From the material below, retype exactly the lines that begin at the line with "ZIP, Unzip and" and end after the line with "11652- عن يحيى"; pictures stay out of the copy.

Listed records:
►
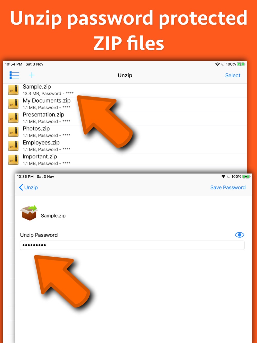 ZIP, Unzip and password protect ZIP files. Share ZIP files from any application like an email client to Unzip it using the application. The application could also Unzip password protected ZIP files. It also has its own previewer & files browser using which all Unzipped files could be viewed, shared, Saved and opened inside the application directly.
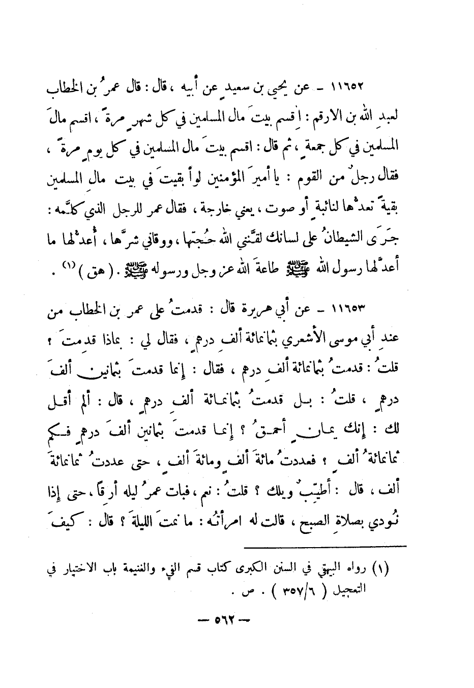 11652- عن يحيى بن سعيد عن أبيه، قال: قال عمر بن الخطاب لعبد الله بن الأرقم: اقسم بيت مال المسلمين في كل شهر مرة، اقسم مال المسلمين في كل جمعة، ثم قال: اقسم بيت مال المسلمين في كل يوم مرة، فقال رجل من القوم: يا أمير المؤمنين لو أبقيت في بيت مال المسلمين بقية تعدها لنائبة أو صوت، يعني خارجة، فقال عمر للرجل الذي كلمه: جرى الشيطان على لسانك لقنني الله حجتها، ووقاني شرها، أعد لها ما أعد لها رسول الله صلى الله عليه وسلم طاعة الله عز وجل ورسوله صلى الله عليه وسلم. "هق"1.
◄
►
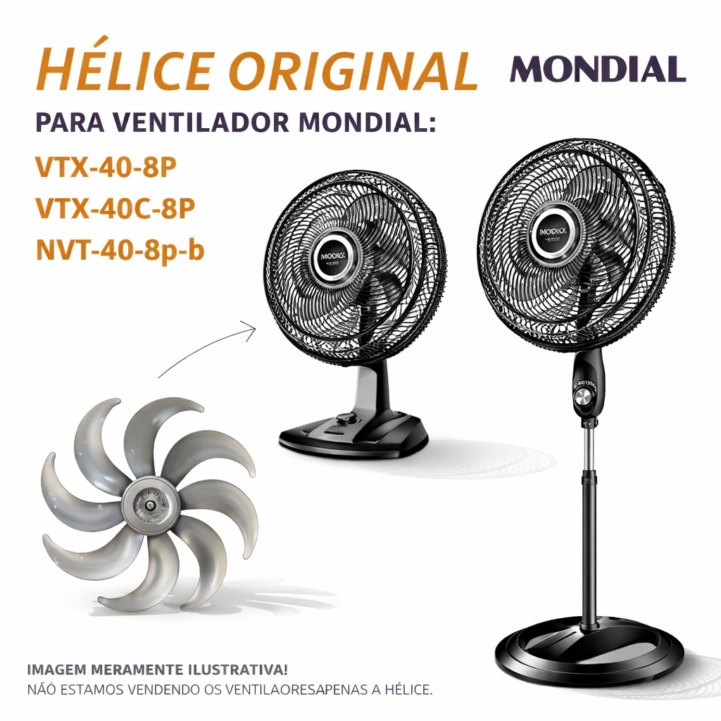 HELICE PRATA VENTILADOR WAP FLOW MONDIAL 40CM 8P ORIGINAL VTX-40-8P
◄
Exercise output:
 ZIP, Unzip and password protect ZIP files. Share ZIP files from any application like an email client to Unzip it using the application. The application could also Unzip password protected ZIP files. It also has its own previewer & files browser using which all Unzipped files could be viewed, shared, Saved and opened inside the application directly.
 11652- عن يحيى بن سعيد عن أبيه، قال: قال عمر بن الخطاب لعبد الله بن الأرقم: اقسم بيت مال المسلمين في كل شهر مرة، اقسم مال المسلمين في كل جمعة، ثم قال: اقسم بيت مال المسلمين في كل يوم مرة، فقال رجل من القوم: يا أمير المؤمنين لو أبقيت في بيت مال المسلمين بقية تعدها لنائبة أو صوت، يعني خارجة، فقال عمر للرجل الذي كلمه: جرى الشيطان على لسانك لقنني الله حجتها، ووقاني شرها، أعد لها ما أعد لها رسول الله صلى الله عليه وسلم طاعة الله عز وجل ورسوله صلى الله عليه وسلم. "هق"1.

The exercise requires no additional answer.